И где-то там, совсем рядом, было это шумное, веселое место — восточный базар, который мы знаем по спектаклю «Ханума», — «бесконечный и беспечный, шумный вечный наш Авлабар…». Место, слишком экзотическое для запада, но необычайно характерное для востока, откуда поэты и художники старого Тифлиса умели извлечь особую ноту…
В Тифлисе Александр Андреевич начал преподавать в Закавказском институте путей сообщения и вскоре стал профессором и заведующим кафедрой. Тамара Григорьевна по-прежнему занималась воспитанием сына, обучая его всему в домашних условиях. Было очень трудно, но мать приложила все силы, чтобы Георгий получил настоящее образование. Лишь в 1925 году, по рассказу Нателы Александровны, она решилась отдать мальчика в школу (в автобиографии Товстоногов пишет: «В 1921 году поступил в школу…». Снова загадка?) — в немецкую гимназию (официально называвшуюся 107-й трудовой школой), где все предметы преподавались на немецком, а основной массой учащихся были дети из немецких семей. Когда Тамара Григорьевна привела Гогу в гимназию, учителя выразили сомнение в том, что мальчик, не знающий языка, сможет учиться в пятом классе, но она уговорила директора попробовать и пообещала: «Если не получится, я через месяц заберу его».
Удивительно, но у этого домашнего ребенка оказалась способность быстро заводить приятелей. Вскоре появились друзья, а немецкий начал усваиваться как-то сам по себе — ведь на этом языке дети общались между собой.
В своих воспоминаниях, публиковавшихся в газете «Экран и сцена», актриса БДТ Зинаида Шарко напишет после смерти режиссера: «Как мы гордились своим худруком и даже, если хотите, страной, когда “наш” говорил с Жан-Поль Сартром на чистом французском языке, а с Генрихом Бёллем — на чистом немецком».

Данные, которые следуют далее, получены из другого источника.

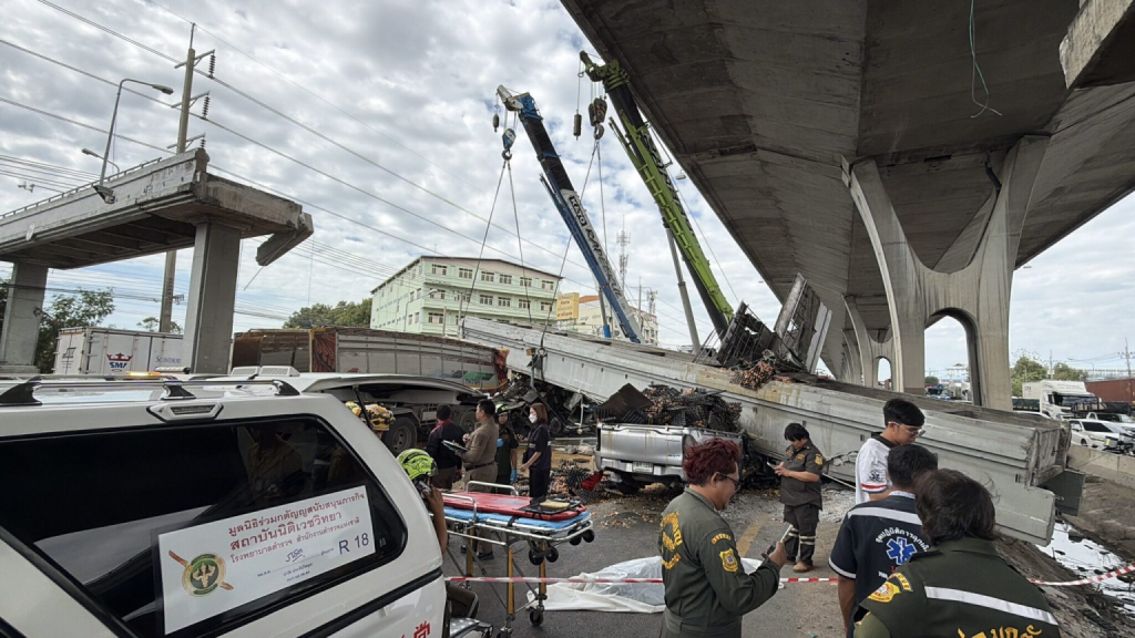 12月18日上午9时左右,曼谷Bang Phli Noi警察局接到报警,称一座人行天桥的横梁断裂坠落,砸中下方车辆,造成人员伤亡。事故发生于曼谷—达叻公路进城方向快速车道第34公里处,北榄府Bang Phli Noi镇境内。
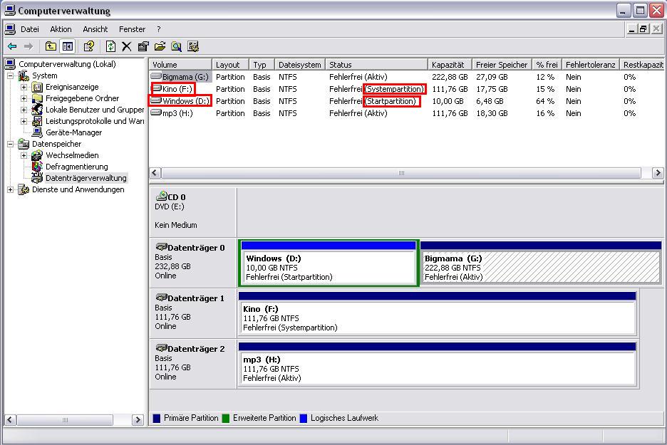 Ab in den partitions manager von Windows . Da stand dann wirklich das meine System platte D: ist und meine Daten platte D: ich verwende ein Raid 0 von 80Gb platten welche in so gesplitten wurden 15Gb C: und D: rest. Jetzt meine Frage wie bekomme ich die Bustabenn wieder getauscht, das WIndows wieder normal bootet. Das Prob ist das ich noch bis 14 uhr audf der Arbeit bin danach hab ich ich kein Internet mehr und werden steinigen weg der formatierung gehen da mir nix einfällt.
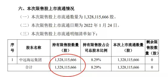 中远海控近日公告,间接控股股东中远海运集团持股的13.28亿股,将于1月24日解禁,这些股份是三年前定增的股份。如今解禁市值222亿元。

Еще бы не гордиться! Ведь в те годы вожди Советского Союза изъяснялись на своем родном языке с очевидными затруднениями!..
А еще был в этой замечательной школе драмкружок. «Первый школьный спектакль с участием Товстоногова, — пишет Юрий Рыбаков, — “Перископ с правого борта”, был сыгран в ноябре 1930 года (автора пьесы установить не удалось). Это самый первый выход будущего режиссера на сцену. В школьном театре он был не последним человеком: его имя — в списке членов совета драмкружка».
В 1926 году в семье Товстоноговых родилась дочь Натела — Додо, как звали и до сих пор зовут ее близкие. Одиннадцатилетний Гога, по рассказам Нателы Александровны со слов матери, не был в восторге от появления в доме маленького существа, с которым он должен был отныне делить родительскую любовь. Но постепенно к малышке возник интерес, который затем превратился в своеобразную заботу о ее образовании (старший брат много читал Додо, потом начал контролировать ее чтение, заставив пятилетнюю сестру прочитать «Без языка» В. Г. Короленко). Гога и Натела обсуждали прочитанное, так возник контакт, переросший вскоре сначала в дружбу, а потом в ту нежную и верную любовь, которая не позволяла брату и сестре расставаться надолго.